Task goal
Without any pictures, print the lines below from the one that has "Having lived in" through the one that has "Printed quotes add", exactly and nothing else.
(The data)
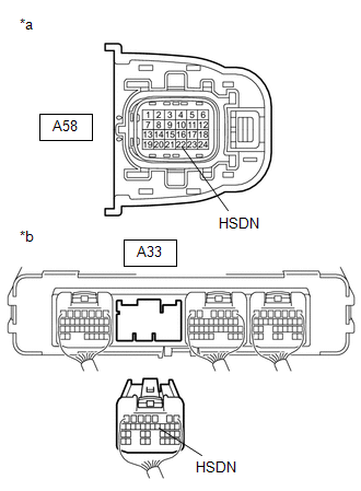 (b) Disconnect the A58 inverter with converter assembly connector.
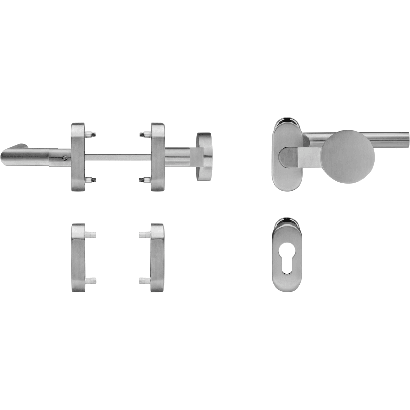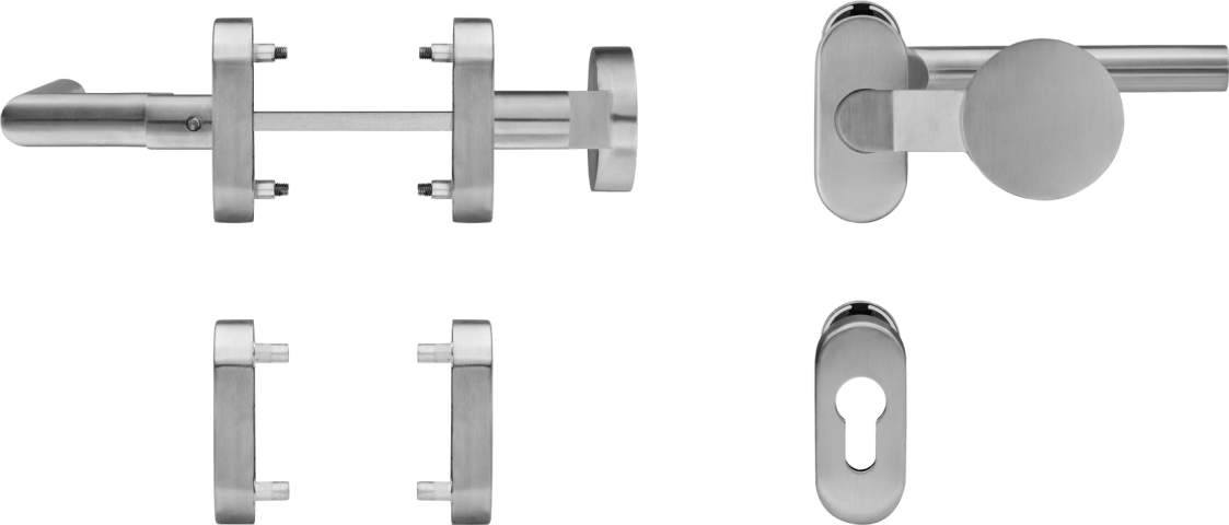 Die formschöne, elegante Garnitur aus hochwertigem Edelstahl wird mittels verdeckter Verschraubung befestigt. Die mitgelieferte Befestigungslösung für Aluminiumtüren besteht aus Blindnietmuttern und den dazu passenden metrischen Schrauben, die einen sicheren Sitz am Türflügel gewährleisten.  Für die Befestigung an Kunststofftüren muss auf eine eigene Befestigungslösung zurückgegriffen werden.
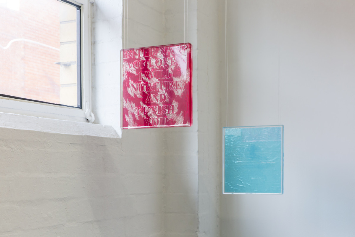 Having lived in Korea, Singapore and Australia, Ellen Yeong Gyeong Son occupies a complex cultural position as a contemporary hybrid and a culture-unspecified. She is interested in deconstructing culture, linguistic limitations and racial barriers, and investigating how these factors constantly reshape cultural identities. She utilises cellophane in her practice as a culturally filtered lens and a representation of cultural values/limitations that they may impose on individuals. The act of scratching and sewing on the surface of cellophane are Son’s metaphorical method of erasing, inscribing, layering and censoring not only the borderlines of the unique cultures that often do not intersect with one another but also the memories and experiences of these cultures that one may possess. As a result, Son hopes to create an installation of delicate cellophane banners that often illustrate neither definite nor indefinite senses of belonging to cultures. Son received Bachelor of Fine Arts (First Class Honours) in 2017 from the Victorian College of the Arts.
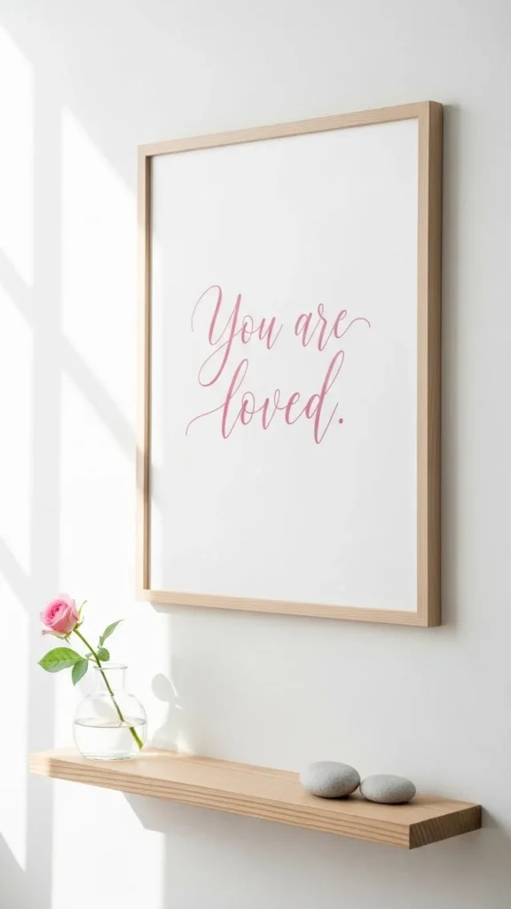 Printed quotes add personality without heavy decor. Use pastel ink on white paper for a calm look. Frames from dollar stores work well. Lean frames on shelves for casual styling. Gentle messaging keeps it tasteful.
(End The data)
(The data)
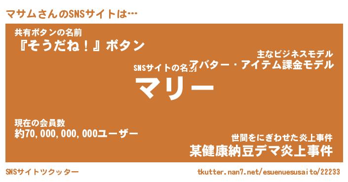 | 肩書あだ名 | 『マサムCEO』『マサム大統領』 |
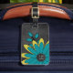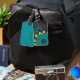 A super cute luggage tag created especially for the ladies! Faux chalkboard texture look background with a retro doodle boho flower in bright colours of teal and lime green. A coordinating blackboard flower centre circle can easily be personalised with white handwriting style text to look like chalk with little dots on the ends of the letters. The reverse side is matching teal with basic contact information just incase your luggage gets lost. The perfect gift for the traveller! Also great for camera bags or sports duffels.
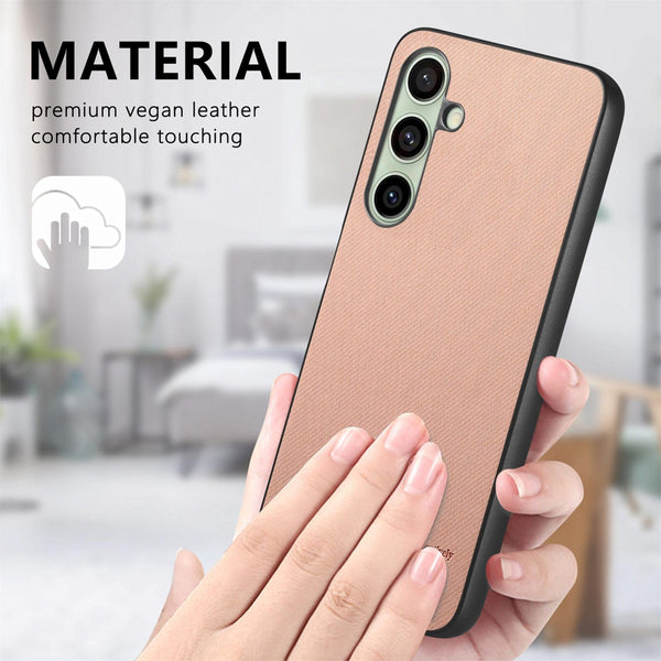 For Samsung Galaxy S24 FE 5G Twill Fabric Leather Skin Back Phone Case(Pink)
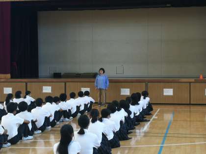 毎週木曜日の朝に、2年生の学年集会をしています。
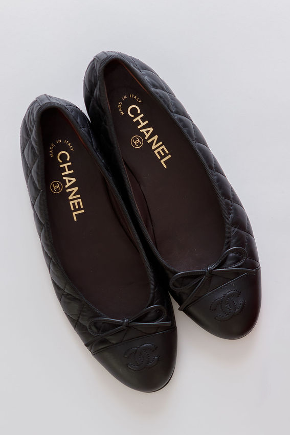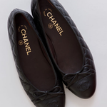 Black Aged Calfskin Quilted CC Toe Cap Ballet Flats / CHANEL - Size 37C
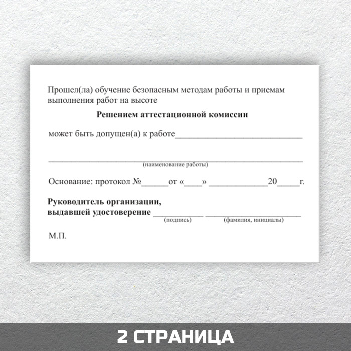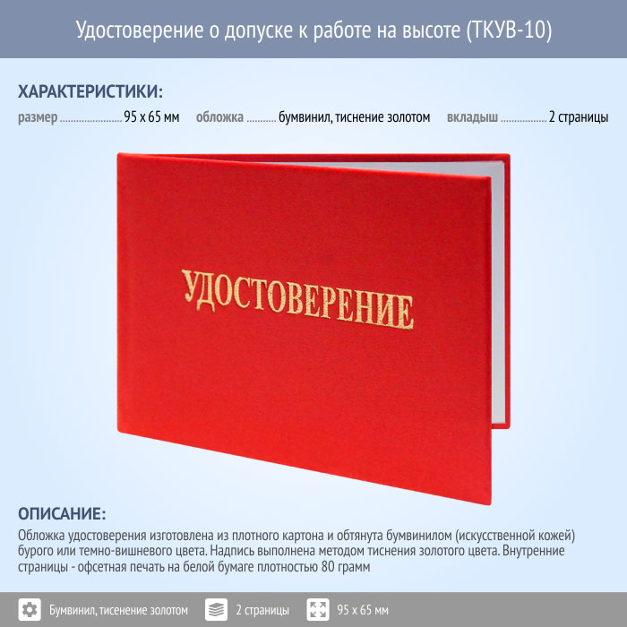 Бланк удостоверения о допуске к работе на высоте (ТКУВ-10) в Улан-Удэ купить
(End The data)
(The data)
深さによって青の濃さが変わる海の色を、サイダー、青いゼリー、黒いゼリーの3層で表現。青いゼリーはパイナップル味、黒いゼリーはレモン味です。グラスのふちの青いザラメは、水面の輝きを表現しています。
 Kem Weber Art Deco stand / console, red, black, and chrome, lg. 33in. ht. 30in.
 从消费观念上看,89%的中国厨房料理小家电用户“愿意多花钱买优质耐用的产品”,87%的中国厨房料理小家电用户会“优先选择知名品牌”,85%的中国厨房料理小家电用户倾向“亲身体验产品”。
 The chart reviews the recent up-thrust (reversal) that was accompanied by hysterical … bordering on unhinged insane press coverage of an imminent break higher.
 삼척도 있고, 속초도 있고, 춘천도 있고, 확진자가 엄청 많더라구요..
(End The data)
Response to the task
 Having lived in Korea, Singapore and Australia, Ellen Yeong Gyeong Son occupies a complex cultural position as a contemporary hybrid and a culture-unspecified. She is interested in deconstructing culture, linguistic limitations and racial barriers, and investigating how these factors constantly reshape cultural identities. She utilises cellophane in her practice as a culturally filtered lens and a representation of cultural values/limitations that they may impose on individuals. The act of scratching and sewing on the surface of cellophane are Son’s metaphorical method of erasing, inscribing, layering and censoring not only the borderlines of the unique cultures that often do not intersect with one another but also the memories and experiences of these cultures that one may possess. As a result, Son hopes to create an installation of delicate cellophane banners that often illustrate neither definite nor indefinite senses of belonging to cultures. Son received Bachelor of Fine Arts (First Class Honours) in 2017 from the Victorian College of the Arts.
 Printed quotes add personality without heavy decor. Use pastel ink on white paper for a calm look. Frames from dollar stores work well. Lean frames on shelves for casual styling. Gentle messaging keeps it tasteful.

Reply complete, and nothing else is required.